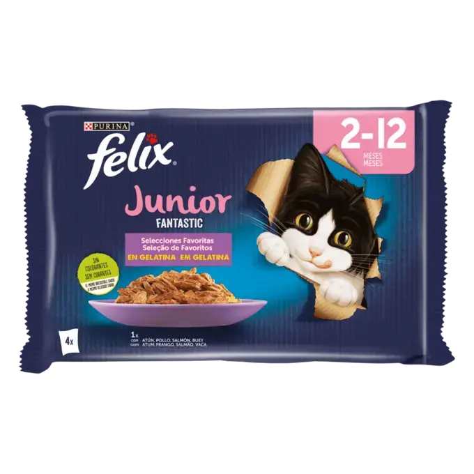 FELIX ® Fantastic Junior sont des repas qui ont l’air, l’odeur et le goût si délicieux qu’on pourrait croire que vous les avez cuisinés vous-même. Chaque recette, composée d’ingrédients de qualité, contient de tendres morceaux de gélatine succulente pour un repas savoureux que votre chat trouvera irrésistible. Ils ont aussi bon goût qu’ils en ont l’air !
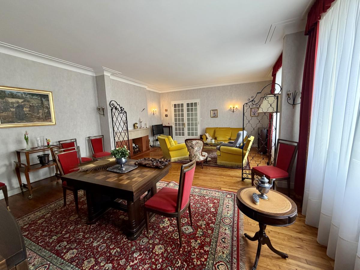 A l'étage : un pallier de 9.4 m² desservant un salon/séjour avec cheminée de 38.05 m², une cuisine aménagée de 13.07 m², une chambre avec placard de 15.85 m², un dressing de 1.46 m², une salle de bains avec wc de 5.58 m². A l'extérieur, un jardin à l'arrière de la maison offrant deux terrasses de 12 et 14 m², un puit et une cave.
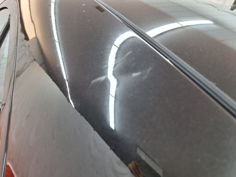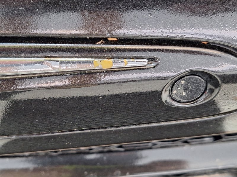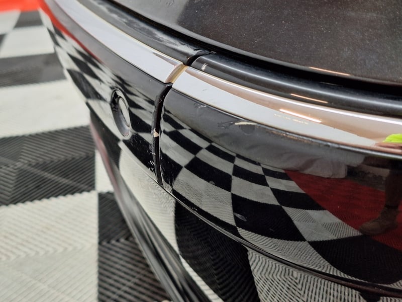 The black paint holds reasonable depth across the body panels, though it shows the patina consistent with 151,335 kilometres of genuine use. Minor clear coat failure is visible on the bonnet leading edge, and light surface corrosion marks the door trim in places. The panels sit straight with no evidence of major accident repair, and the gaps remain even throughout. The headlight lenses show light tinting from age and UV exposure, a common trait on W211s of this vintage.
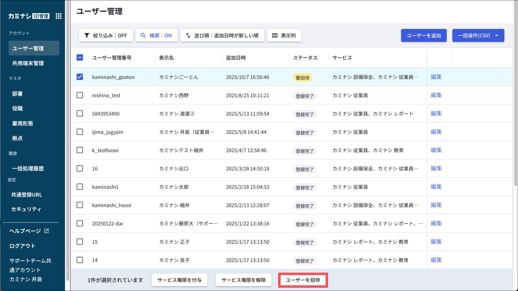 • 特徴:1名のみ選択されている場合、直接招待URLをコピーできます。それを用いて初期設定を行います。
============================================================
*TASK INSTRUCTIONS:*
Copy every line of the data exactly as written, excluding the pictures.

*EXERCISE SOLUTION:*
 FELIX ® Fantastic Junior sont des repas qui ont l’air, l’odeur et le goût si délicieux qu’on pourrait croire que vous les avez cuisinés vous-même. Chaque recette, composée d’ingrédients de qualité, contient de tendres morceaux de gélatine succulente pour un repas savoureux que votre chat trouvera irrésistible. Ils ont aussi bon goût qu’ils en ont l’air !
 A l'étage : un pallier de 9.4 m² desservant un salon/séjour avec cheminée de 38.05 m², une cuisine aménagée de 13.07 m², une chambre avec placard de 15.85 m², un dressing de 1.46 m², une salle de bains avec wc de 5.58 m². A l'extérieur, un jardin à l'arrière de la maison offrant deux terrasses de 12 et 14 m², un puit et une cave.
 The black paint holds reasonable depth across the body panels, though it shows the patina consistent with 151,335 kilometres of genuine use. Minor clear coat failure is visible on the bonnet leading edge, and light surface corrosion marks the door trim in places. The panels sit straight with no evidence of major accident repair, and the gaps remain even throughout. The headlight lenses show light tinting from age and UV exposure, a common trait on W211s of this vintage.
 • 特徴:1名のみ選択されている場合、直接招待URLをコピーできます。それを用いて初期設定を行います。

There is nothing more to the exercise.